An approximately linear relationship was observed between Infinium 450K and RRBS data, which was stable across samples. The raw β values were compared with the RRBS data with Nreads ≥ 4. An approximately linear relationship was observed significant in both Spearman and Pearson correlations (Fig. 4A). The slope of the fitted line was 0.83. A similar relationship was observed across all the seven samples studied independently (Table 1). We are aware that neither Pearson’s nor Spearman correlation statistics are appropriate for this data and results could be misleading. The former assumes a joint normal distribution24 an assumption that is obviously violated by our data (Fig. 3) and so probably overestimates the correlation. The latter is sensitive to tied values in the data,25 which is a feature of the “spiky” distribution of RRBS data and so probably underestimates the correlation. Also, both methods explicitly assume a linear relationship between the two variables. To examine the putatively nonlinear dependency between Infinium 450K and RRBS data we applied maximal information coefficient (MIC) is a newly proposed method for discovering nonlinear dependency in biological data sets.13 The MIC (strength) value lies between 0 to 1 with a perfect deterministic relation having a value of 1, totally independent relations having a value of 0 while noisy relations lie somewhere in between. The strength of the interdependency between RRBS (Nreads ≥ 4) and the Infinium 450K data are 0.81. Maximum information coefficient (MIC) methodology does not assume a joint normal distribution or rank the data points, however the power and robustness under different n of the method is under debate.14

graphic file with name epi-7-1173-g4.jpg

Figure 4. The concordance of Raw Infinium 450K data vs. RRBS data (A) A scatter plot of % methylation values from RRBS (x-axis) and % methylation values from Infinium 450K (y-axis) over a density cloud. Density cloud is generated by the smoothed two-dimensional histogram using 50 equally spaced bins in both directions. A random selection of 2000 data from type I probes is plotted as red dots and another random selection of 2000 data from type II probes is plotted as blue dots. (B) Bland-Altman plot for raw Infinium data compared with RRBS Nreads ≥ 4. Average % methylation at each CpG from both methods is on the x-axis. Difference in % at each CpG over the two methods is on the y-axis. Data from Type I assays is shown in red, type II is shown in blue.

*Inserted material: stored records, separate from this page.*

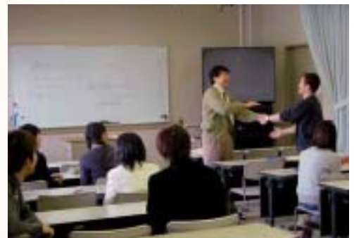
◆構成的エンカウンターの指導風景

心理臨床・教育相談 地域の適応指導教室と連携した教育臨床の実践と研究 心理臨床・教育相談・教育臨床従事者の育成
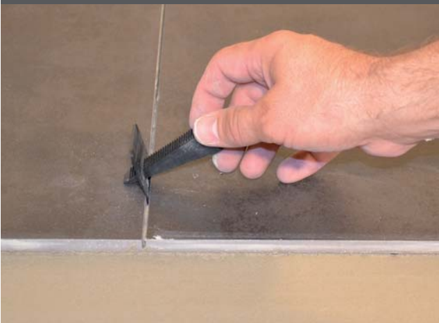
3. Einschieben der Spannkeile
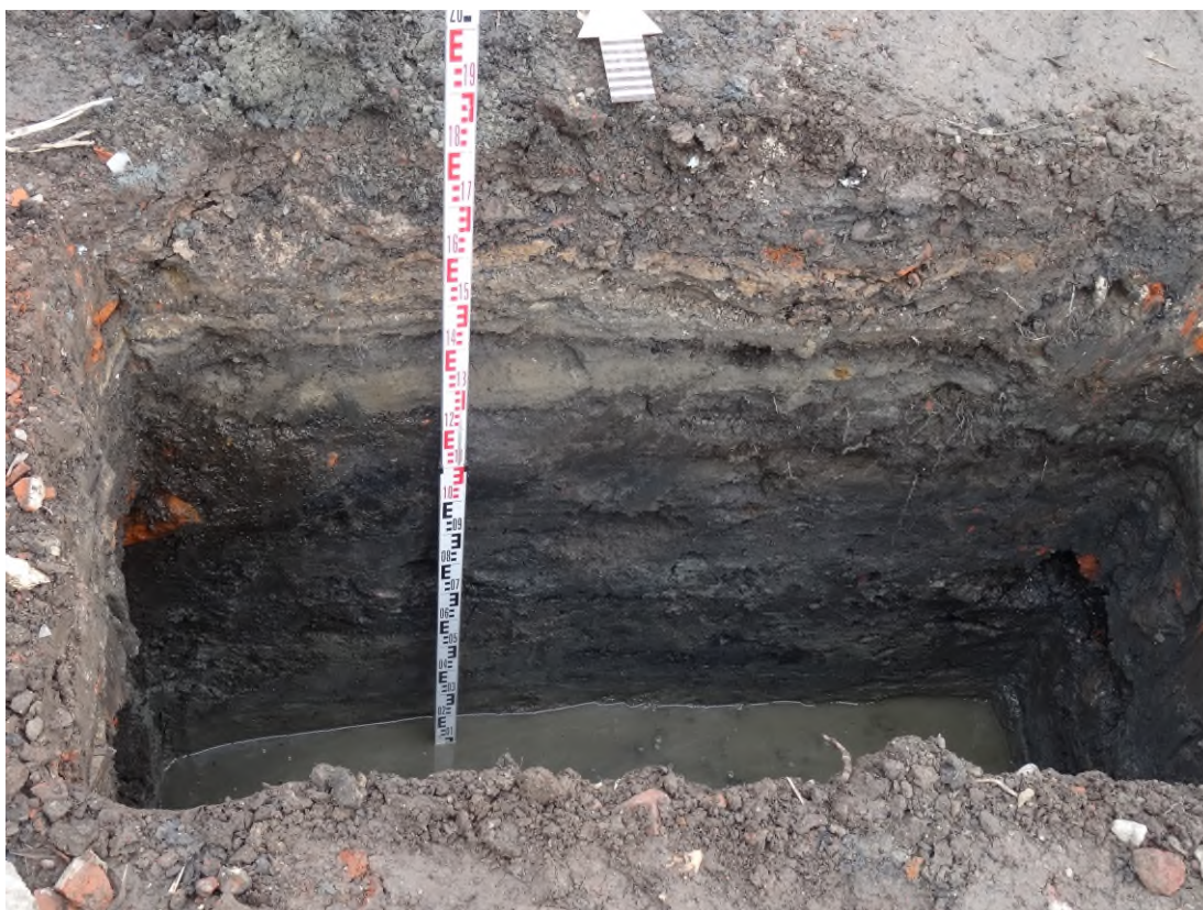
Рис. 12. Профиль северного борта шурфа 1. Вид с юга.

АЭ - ААН 2024 Астраханская область Город Астрахань
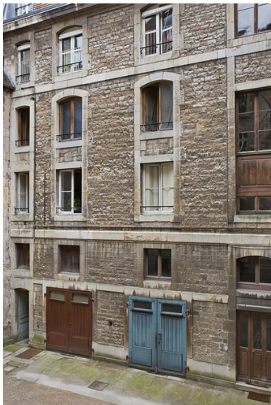
Façade postérieure sur cour : détail de l'aile droite.

25, Besançon, 121 Grande Rue, lieudit : îlot Saint-Maurice
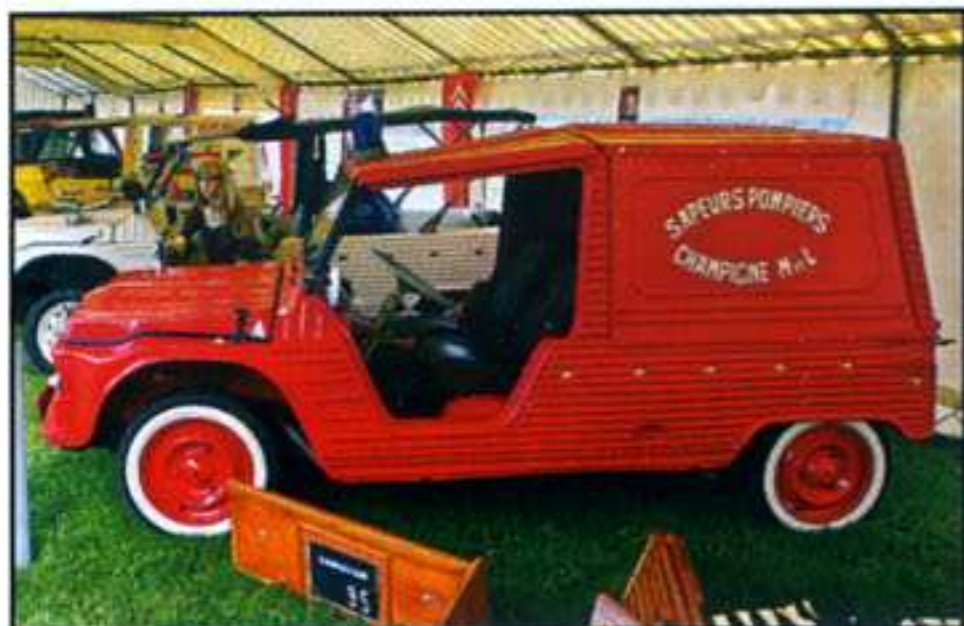
Cette rare Méhari, fabriquée par la SEAB en 1968, a été reconditionnée en 1970 pour servir dans la brigade de Champagné (49).
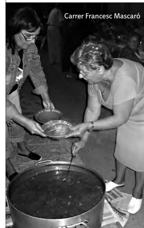
Carrer Francesc Mascaró
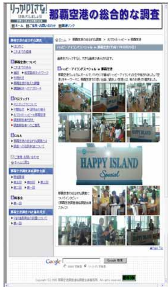
「おでかけHappy-in 那覇空港」の様子
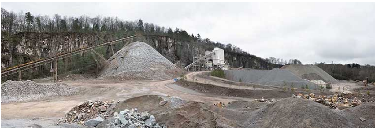
Vue d'ensemble des nouvelles installations, depuis le nord-est.

As an alternative method to quantify agreement between the methylome measures, Bland-Altman plots (difference between the two methods plotted against the mean values from both methods)15 were produced. Figure 4B showed greater discordance at intermediate methylation levels i.e. 20–80%, an observation also made by Roessler et al.10 Also noticeable in the plots is an upward trend in the type II assay values suggestive of divergence at high methylation values.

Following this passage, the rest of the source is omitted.